Group sorting algorithms are well-suited applications where recursion is either not allowed or inefficient. In group sorting algorithms (such as the Shell Sort; see "A High-speed Sorting Procedure," by Donald L. Shell, Communications of the ACM, July, 1959), individual groups are sorted for each of a given group number. As the group number decreases to 1, the array becomes fully sorted. Two issues can affect the efficiency of group sorting routines:
- Individual groups often don't need to be fully sorted during the process, so fully sorting a group may move an element away from the location where it should be.

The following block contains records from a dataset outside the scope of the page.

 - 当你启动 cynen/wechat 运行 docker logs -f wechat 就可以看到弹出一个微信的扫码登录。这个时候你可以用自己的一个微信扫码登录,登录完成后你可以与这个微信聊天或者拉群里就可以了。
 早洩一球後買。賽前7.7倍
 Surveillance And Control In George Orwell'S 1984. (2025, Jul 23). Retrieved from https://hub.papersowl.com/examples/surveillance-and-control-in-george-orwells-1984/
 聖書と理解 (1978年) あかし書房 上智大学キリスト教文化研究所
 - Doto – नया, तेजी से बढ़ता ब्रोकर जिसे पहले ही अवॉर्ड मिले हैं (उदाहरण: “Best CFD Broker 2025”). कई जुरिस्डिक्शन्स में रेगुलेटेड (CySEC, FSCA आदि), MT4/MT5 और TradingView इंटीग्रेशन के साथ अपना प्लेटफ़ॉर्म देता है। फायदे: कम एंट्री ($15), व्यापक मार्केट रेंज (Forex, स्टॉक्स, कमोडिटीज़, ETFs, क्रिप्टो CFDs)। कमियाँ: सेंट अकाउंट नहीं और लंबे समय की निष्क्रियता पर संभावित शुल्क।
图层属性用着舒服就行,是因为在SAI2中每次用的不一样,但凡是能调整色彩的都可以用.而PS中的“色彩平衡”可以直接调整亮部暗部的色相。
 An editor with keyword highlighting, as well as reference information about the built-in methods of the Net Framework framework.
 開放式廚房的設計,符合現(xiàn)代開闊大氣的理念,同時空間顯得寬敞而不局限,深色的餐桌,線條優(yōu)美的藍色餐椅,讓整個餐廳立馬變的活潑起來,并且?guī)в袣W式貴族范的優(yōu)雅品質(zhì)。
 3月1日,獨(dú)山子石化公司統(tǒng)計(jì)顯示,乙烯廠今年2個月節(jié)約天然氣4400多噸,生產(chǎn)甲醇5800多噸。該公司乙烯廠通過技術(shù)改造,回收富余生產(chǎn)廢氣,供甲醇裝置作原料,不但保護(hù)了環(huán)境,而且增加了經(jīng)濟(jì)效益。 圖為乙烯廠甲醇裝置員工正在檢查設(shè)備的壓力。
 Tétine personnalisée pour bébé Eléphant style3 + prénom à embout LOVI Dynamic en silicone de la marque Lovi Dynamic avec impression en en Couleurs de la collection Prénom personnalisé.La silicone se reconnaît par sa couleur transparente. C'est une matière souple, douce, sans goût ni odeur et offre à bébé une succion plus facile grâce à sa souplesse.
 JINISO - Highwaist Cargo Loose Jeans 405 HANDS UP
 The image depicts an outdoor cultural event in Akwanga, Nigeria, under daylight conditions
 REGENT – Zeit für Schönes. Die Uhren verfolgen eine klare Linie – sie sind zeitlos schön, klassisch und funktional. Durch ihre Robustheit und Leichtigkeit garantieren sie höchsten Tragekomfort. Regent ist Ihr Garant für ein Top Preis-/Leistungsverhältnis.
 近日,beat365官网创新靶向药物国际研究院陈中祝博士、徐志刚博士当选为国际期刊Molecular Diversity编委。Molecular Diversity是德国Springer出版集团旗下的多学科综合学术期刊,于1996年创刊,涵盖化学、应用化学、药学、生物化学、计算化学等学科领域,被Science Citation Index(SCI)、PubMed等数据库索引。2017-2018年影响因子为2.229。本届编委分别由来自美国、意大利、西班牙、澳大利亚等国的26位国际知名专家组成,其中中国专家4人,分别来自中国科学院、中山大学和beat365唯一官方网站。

- The new group number should be selected in such a way that each old group will spread among new groups. For example, by decreasing the group number by half each time, you could end up with the worst-case running time O(N**2) for an array with size N=2**M.
To improve the efficiency of group sorting, the Adaptive Group Sort (AGS) algorithm (see Listing One) uses an "approaching sorting" methodology to improve sorting efficiency. AGS is an O(N*logN) sorting algorithm with O(1) auxiliary space requirements. Theoretically, AGS's flat structure makes it easier to be optimized than, say, QuickSort, and is ideal for many embedded-system applications. When running against the IBM AIX system call qsort(), for instance, AGS is about 2 times faster than qsort() when compiled with optimizing turned on (it is about 20 percent slower than qsort() when compiled without optimization). Listing One implements the AGS algorithm for an array[] with size N and the group number decreasing rate (GNDR)=N1/N2 (N2>N1). In this case, for each given numGroup in gsort1(), all groups go through a bidirectional bubble sort once. After this bidirectional processing, each group approaches being a sorted group, but may not be fully sorted.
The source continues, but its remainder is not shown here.